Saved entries
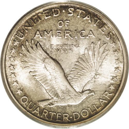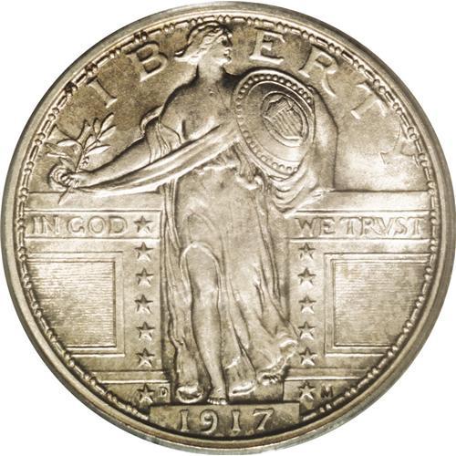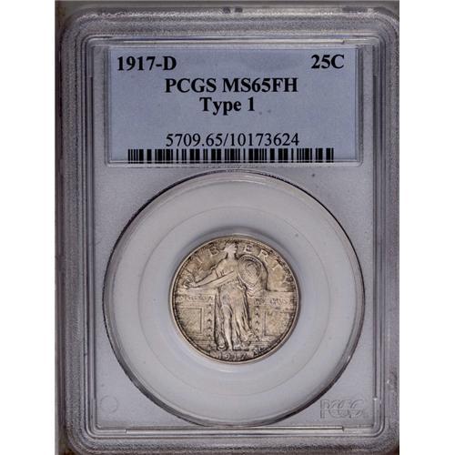 <B>1917-D<25C> Type One MS65 Full Head PCGS.</B></I> Original light golden-gray, ice-blue, and olive toning endows this lustrous and carefully preserved Gem. Only a few shield rivets near the chest lack absolute detail. The 1917-D is noticeably scarcer in better Uncirculated grades than its Philadelphia Mint counterpart.
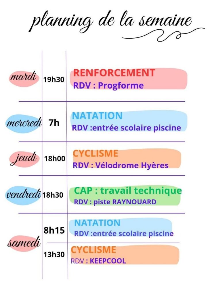 A noter : la possibilité de réaliser des entrainements sr la piste de cyclisme au vélodrome de Hyères le jeudi soir ! Entrainement proposé par la roue d’or (Brignoles).
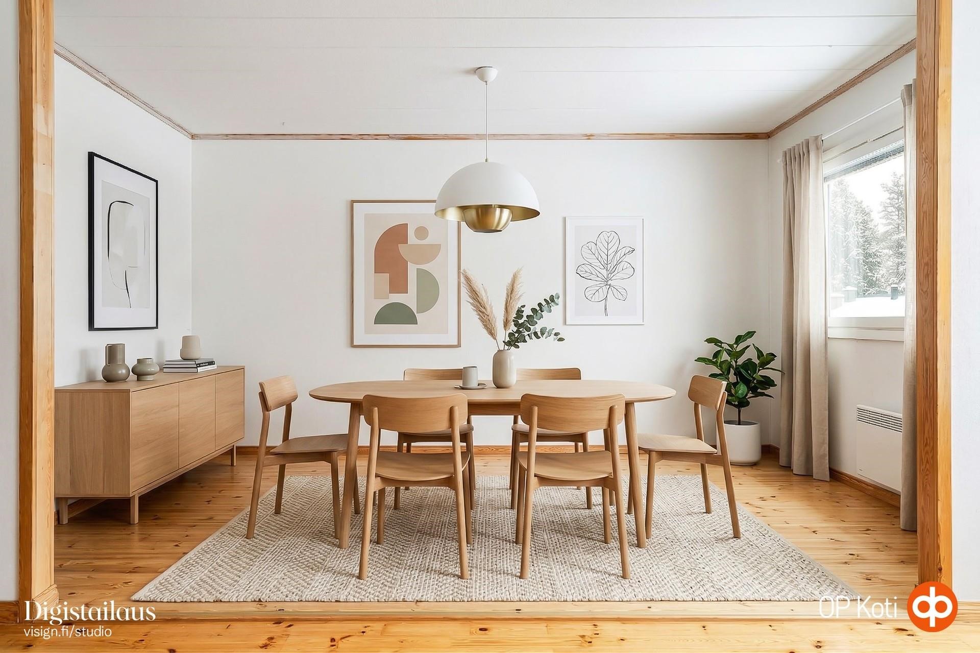 Asunnon pohjaratkaisu on avara ja kodikas. Olohuoneen ja ruokailutilan yhdistelmä luo kauniin ja yhtenäisen tilan, jossa on helppo viihtyä niin arjessa kuin juhlassakin. Suuret ikkunat tuovat sisään runsaasti luonnonvaloa ja avaavat näkymät rauhalliselle pihalle.
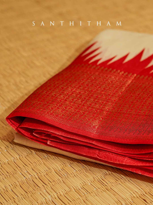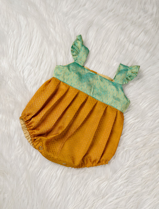 Peach and Turquoise Green Floral Print Semi Silk Saree
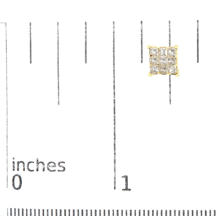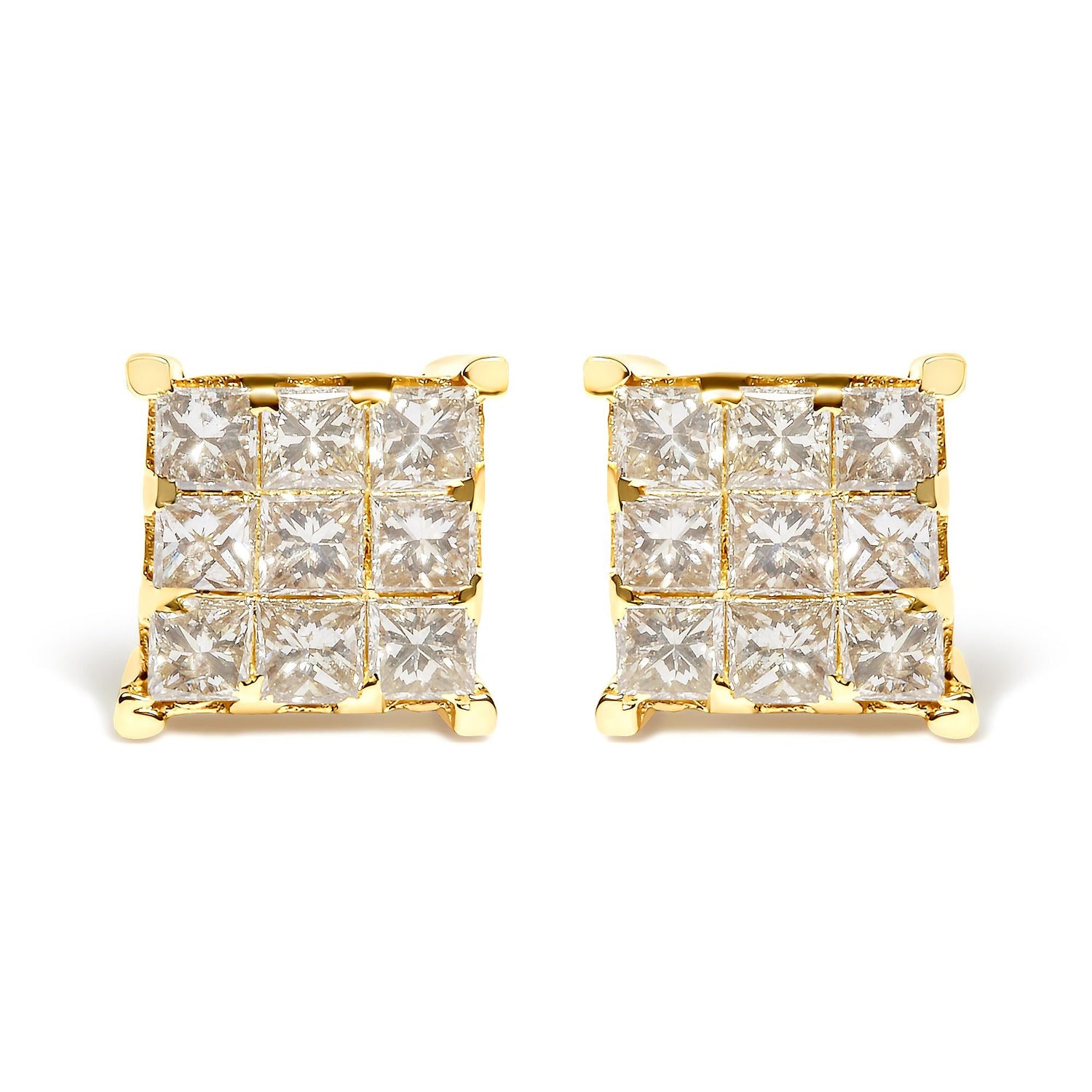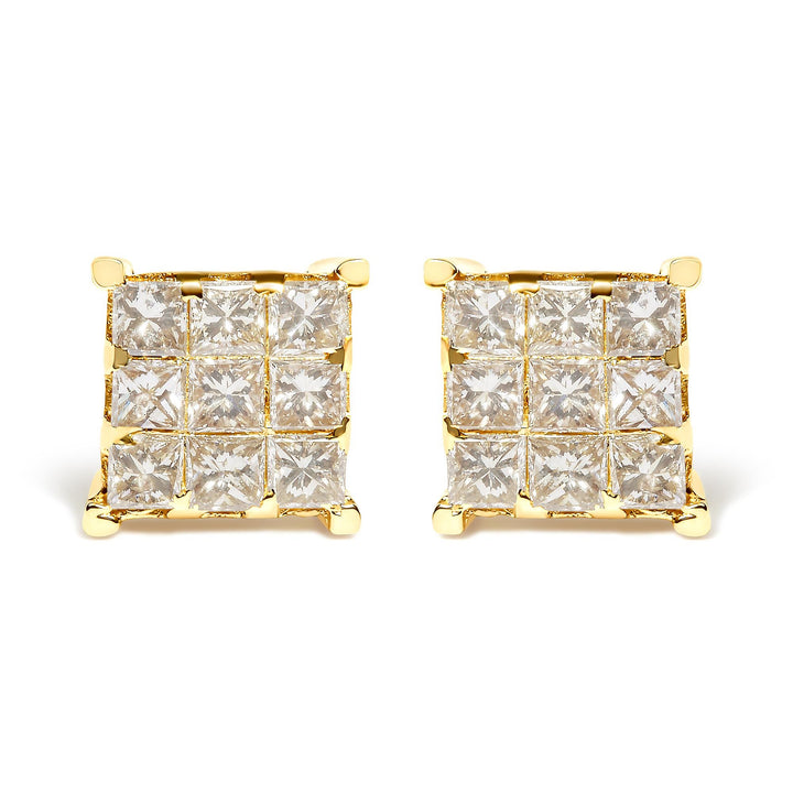 14K Yellow Gold 1 1/2 Cttw Invisible Set Princess-Cut Diamond 9 Stone Square Stud Earrings (J-K Color, SI2-I1 Clarity)

ACTION ITEM
Above are records with pictures; repeat them exactly, but without the pictures.

WRITTEN SOLUTION
 <B>1917-D<25C> Type One MS65 Full Head PCGS.</B></I> Original light golden-gray, ice-blue, and olive toning endows this lustrous and carefully preserved Gem. Only a few shield rivets near the chest lack absolute detail. The 1917-D is noticeably scarcer in better Uncirculated grades than its Philadelphia Mint counterpart.
 A noter : la possibilité de réaliser des entrainements sr la piste de cyclisme au vélodrome de Hyères le jeudi soir ! Entrainement proposé par la roue d’or (Brignoles).
 Asunnon pohjaratkaisu on avara ja kodikas. Olohuoneen ja ruokailutilan yhdistelmä luo kauniin ja yhtenäisen tilan, jossa on helppo viihtyä niin arjessa kuin juhlassakin. Suuret ikkunat tuovat sisään runsaasti luonnonvaloa ja avaavat näkymät rauhalliselle pihalle.
 Peach and Turquoise Green Floral Print Semi Silk Saree
 14K Yellow Gold 1 1/2 Cttw Invisible Set Princess-Cut Diamond 9 Stone Square Stud Earrings (J-K Color, SI2-I1 Clarity)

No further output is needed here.